A Tangled Web

by Karen M. Leet

It’s like a match. Burning hot and bright and soon too hot to handle and too intense to stop.

One small lie. Such a little lie. Nobody would ever know.

Why would they know? Ever?

Such a small lie.

No big deal. No problem. No worry.

How could I know? How fast it would spread. How scary it could be. How tight the trap it made.

I am not a liar. Never was. Not ever. I wasn’t raised to lie. We were truth tellers in my family. If we broke rules, we got punished for what we did. But if we lied about it, denied it or tried to blame someone else, then the punishment got much worse.

Worst punishment in my family – when I was growing up – was being grounded. Missing out on a fun outing or treat of some kind.

We weren’t any of us liars. Not in my family. None of us were.

Once, years ago, I heard a quote that fascinated me. “Oh, what a tangled web we weave / when first we practice to deceive.” That’s what lying is – a tangled web. Sir Walter Scott wrote it, and boy was it ever true.

Anyway. Here I was, always trying to be honest, to be truthful, to be a person who could be trusted.

And instead lies had begun slip sliding out of me.

The lies I told gave my coworkers the impression that I cheated at work. That I tinkered with facts and figures. That I was not honest or truthful. That I was a bad person – a cheat, someone getting away with bad stuff.

Worse still, my lies had reached our chief compliance officer. She was a good, decent, fair and honest person. Her job included making sure we all followed rules and regulations.

I was indeed caught in “a tangled web.” I knew I needed to fix this whole mess.

But I couldn’t even figure out where or how to start.

Then our chief compliance officer came to me.

She’d heard of my lies, heard the whispers, the rumors, the bad stuff about me.

So, she came right to me. She was always firm and direct, honest and fair.

We took our discussion to her office. She asked, and I confessed. I was not cheating our company, not tinkering with numbers, not changing facts and figures. But deep inside, I did know it would be just a matter of time before I did cross the line. The line that would hurt the company, that would hurt everyone in our office.

“All lies?” she asked. I’m sure I was brick red in shame by then.

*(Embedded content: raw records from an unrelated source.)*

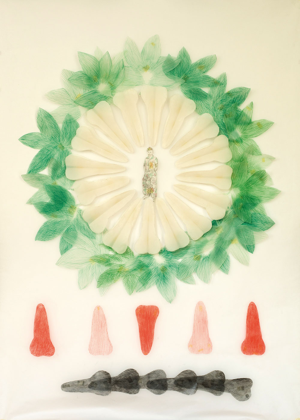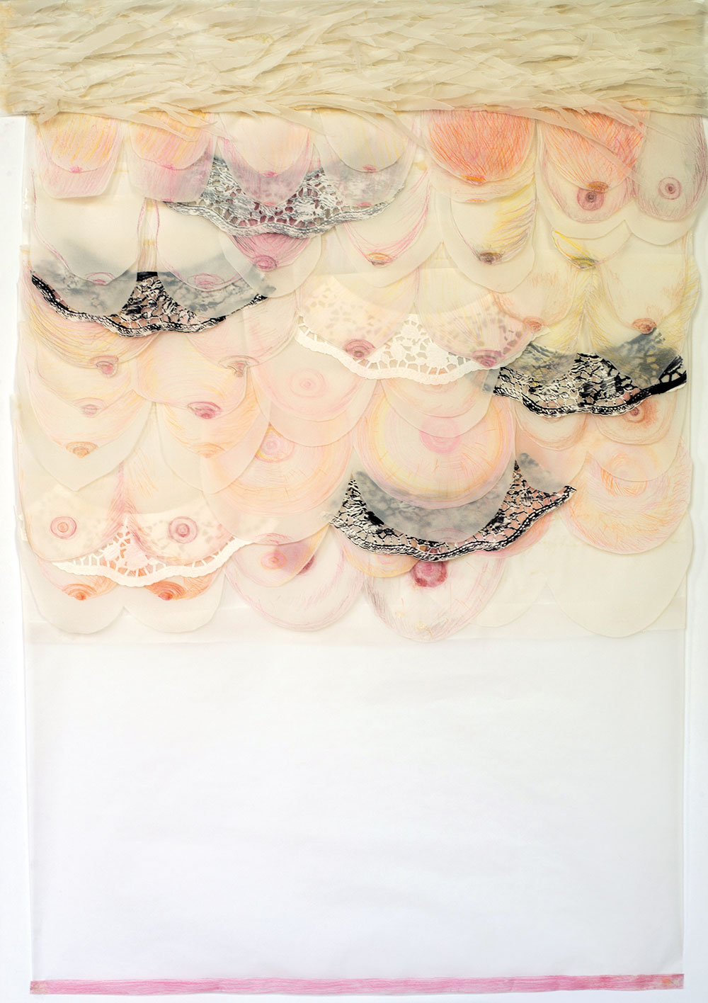 2007, Relief aus Transparentpapier, Buntstift, 85 x 65cm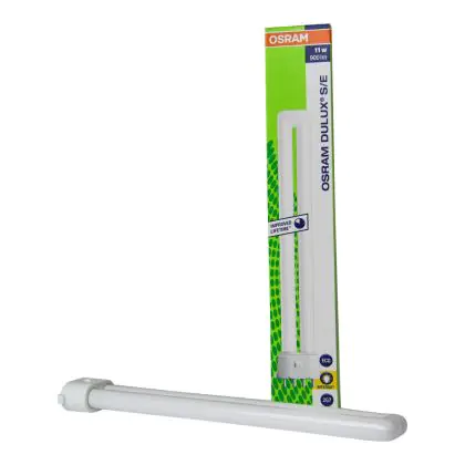 Osram DULUX S/E 11W/827 2G7 Lumilux Interna are fluorescent lamps with separate power supply compatible with conventional and ferromagnetic ballasts. These lamps are equipped with 4 pin sockets.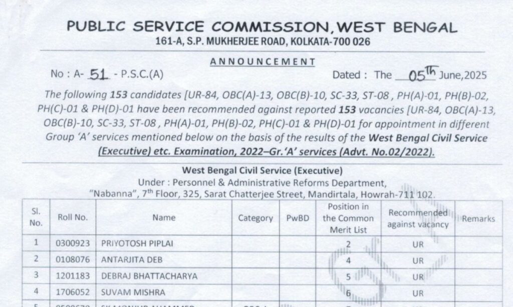 West Bengal Civil Services (WBCS Result 2022)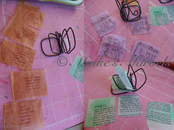 Getting the pages adhered is painstaking, during which I am learning about how to wrap the wire differently and the number of pages that work best as I go.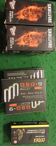 Verkaufe hier 750 Schuss 9mmKnall Patronen von 3 verschieden Herstellern.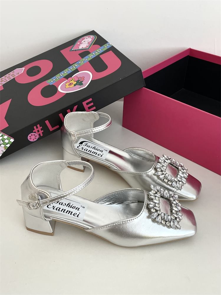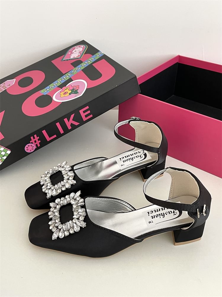 Chunky Heel Square Toe Ankle Strap Faux Leather D'Orsay Pumps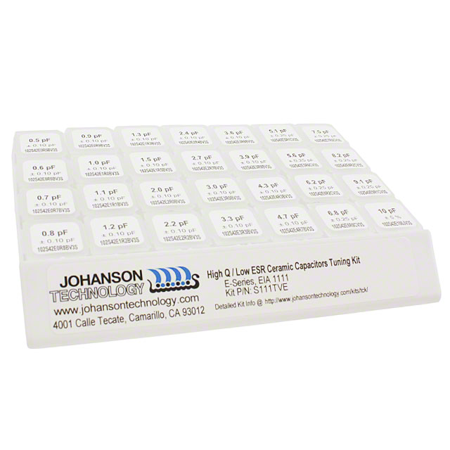 Χαρακτηριστικά High Q, Low Loss, High Voltage Λεπτομερής περιγραφή Ceramic Capacitor Kit 0.5pF ~ 10pF 1000V (1kV) Surface Mount, MLCC 280 Pieces (28 Values - 10 Each)
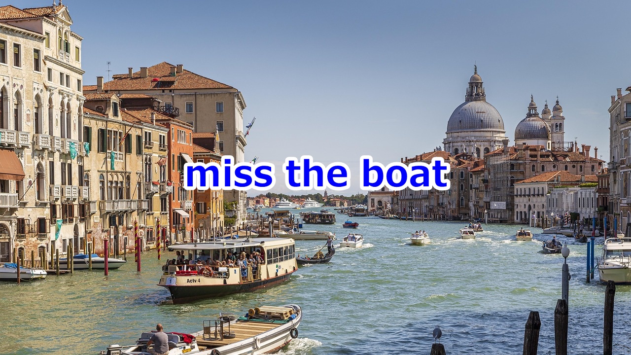 miss the boatは「チャンスを逃す」「手遅れになる」という意味の定形表現です。ある機会を逃した、時機を逸したという意味でビジネスから日常会話まで幅広く使われます。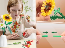 Ta ustvarjalni gradbeni komplet cvetov prinaša vse, kar potrebujete za izdelavo impresivnega šopka dolžine približno 31,5 cm. Deli v živahnih barvah in premišljenih oblikah omogočajo sestavljanje različnih vrst cvetov in listov ter ustvarjanje edinstvene dekoracije za vazo, mizo ali polico.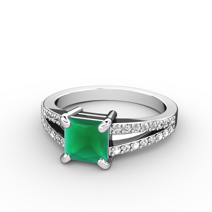 Kök zümrüt ve beyaz zirkon 925 ayar gümüş yüzük

“All lies,” I agreed. Now what, I wondered? Would I be fired? Dumped? Kicked out in shame?

Nah. Our chief compliance officer was a decent person. We worked out a compromise. I would undo all my lies, clear my name, apologize and get a fresh start. On probation, of course.

And she stood up for me. Literally stood with me when I told my work group what I’d done. The lies I let myself tell to make myself sound clever and “bad.”

There were some conditions, of course. I had some extra work to do, some kind of apologies to make, some therapy even to get at possible root causes.

But I kept my job. And I would not be creating any more “tangled webs” ever again. Ever.

 

© 2024 K. Leet

What do you think?

Do you think lies are a “tangled web”?

Why or why not?

Are any lies ever called for?

These are stories (usually fictional, but not always), based on insights and experiences from the world of compliance & ethics.